= Clipper (electronics) =

Protective electronic circuit

Voltage clipping limits the voltage to a device without affecting the rest of the waveform

In electronics, a clipper is a circuit designed to prevent a signal from exceeding a predetermined reference voltage level. A clipper does not distort the remaining part of the applied waveform. Clipping circuits are used to select, for purposes of transmission, that part of a signal waveform which lies above or below the predetermined reference voltage level.

Clipping may be achieved either at one level or two levels. A clipper circuit can remove certain portions of an arbitrary waveform near the positive or negative peaks or both. Clipping changes the shape of the waveform and alters its spectral components.

A clipping circuit consists of linear elements like resistors and non-linear elements like diodes or transistors, but it does not contain energy-storage elements like capacitors.

Clipping circuits are also called slicers or amplitude selectors.

==Types==
===Diode clipper===

Positive peak clipper circuit

A simple diode clipper can be made with a diode and a resistor. This will remove either the positive, or the negative half of the waveform depending on the direction the diode is connected. The simple circuit clips at zero voltage (or to be more precise, at the small forward voltage of the forward biased diode) but the clipping voltage can be set to any desired value with the addition of a reference voltage. The diagram illustrates a positive reference voltage but the reference can be positive or negative for both positive and negative clipping giving four possible configurations in all.

The simplest circuit for the voltage reference is a resistor potential divider connected between the voltage rails. This can be improved by replacing the lower resistor with a zener diode with a breakdown voltage equal to the required reference voltage. The zener acts as a voltage regulator stabilising the reference voltage against supply and load variations.

===Zener diode===

Two shunt diode clipper circuit

In the example circuit on the right, two zener diodes are used to clip the voltage V_{IN}. The voltage in either direction is limited to the reverse breakdown voltage plus the forward voltage drop across one zener diode.

===Op-amp precision clipper===
For very small values of clipping voltage on low-level signals the I-V curve of the diode can result in clipping onset that is not very sharp. Precision clippers can be made by placing the clipping device in the feedback circuit of an operational amplifier in a manner similar to precision rectifiers.

==Classification==
Clippers may be classified into two types based on the positioning of the diode.

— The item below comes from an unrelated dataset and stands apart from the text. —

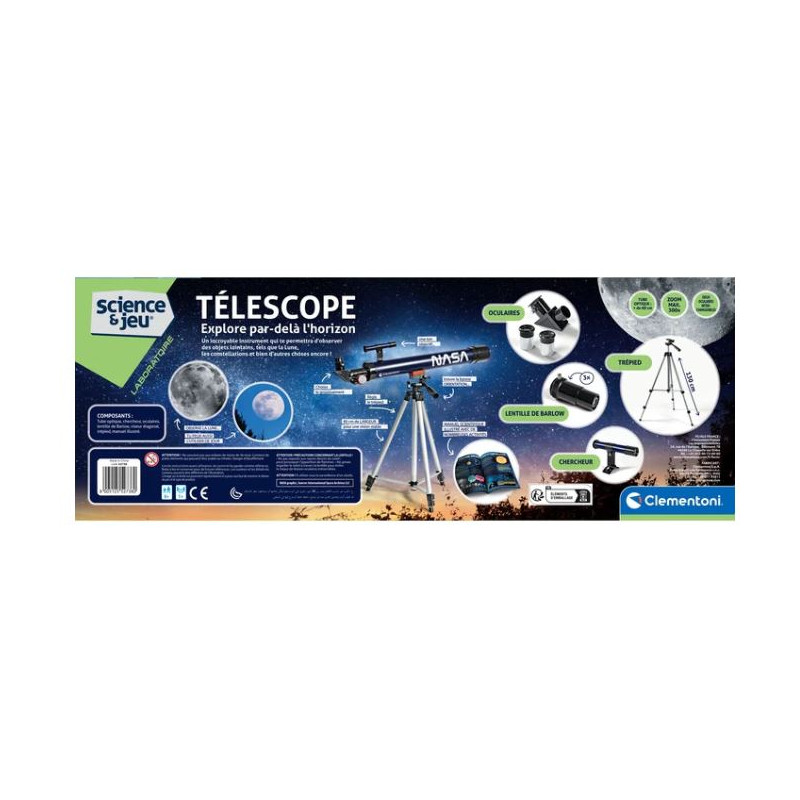 Un véritable télescope de la NASA pour observer la lune et les étoiles ! Avec un objectif de 50 mm et des objectifs interchangeables pour différents effets d’agrandissements. Le télescope est doté d’un trépied pouvant être réglé jusqu’à 130 cm de hauteur, idéal pour une observation stable et confortable. Le manuel illustré accompagne l’enfant à la découverte des principes de l’astronomie de façon simple et amusante. Dimensions : 61.1 x 22.5 x 9.6 cm

- Series clippers, where the diode is in series with the load resistance, and
- Shunt clippers, where the diode is shunted across the load resistance.

The diode capacitance affects the operation of the clipper at high frequency and influences the choice between the above two types. High frequency signals are attenuated in the shunt clipper as the diode capacitance provides an alternative path to output current. In the series clipper, clipping effectiveness is reduced for the same reason as the high frequency current passes through without being sufficiently blocked.

Clippers may be classified based on the orientation of the diode. The orientation decides which half cycle is affected by the clipping action.

The clipping action can be made to happen at an arbitrary level by using a biasing element (potential source) in series with the diode. In the following diagrams the green plot is the input voltage, the orange plot is the output voltage, and the blue plot is the clipping level voltage.

===Positively biased diode clipper===
| Positive peak clipping at a positive voltage. When u_{i} > U_{B}，diode is conducting，and u_{o} = U_{B}. | Positive peak clipping at a negative voltage. In this circuit, a short circuit output will result in a large current being driven through the diode by U_{B} and may damage it. |

===Negatively biased diode clipper===
| Negative peak clipping at a negative voltage. When u_{i} < U_{B}，diode is conducting，and u_{o} = U_{B}. | Negative peak clipping at a positive voltage. In this circuit, a short circuit output will result in a large current being driven through the diode by U_{B} and may damage it. |

===Combinational two-level diode clipper===
The signal can be clipped to between two levels by using both types of diode clippers in combination.

| When u_{i} > U_{B1}，D1 is conducting，and u_{o} = U_{B1}. When u_{i} < U_{B2}，D2 is conducting，and u_{o} = U_{B2}. |

===Clamping circuit===

A clamper circuit is not a clipper, but the simple diode version has a similar topology to a clipper with the exception that the resistor is replaced with a capacitor. The clamper circuit fixes either the positive or negative peaks at a fixed voltage (determined by the biasing voltage) rather than clipping them off.

==See also==
- Amplitude gate
- Clipping (signal processing)
- Orifice plate which can function as a mechanical clipper for acoustic signals.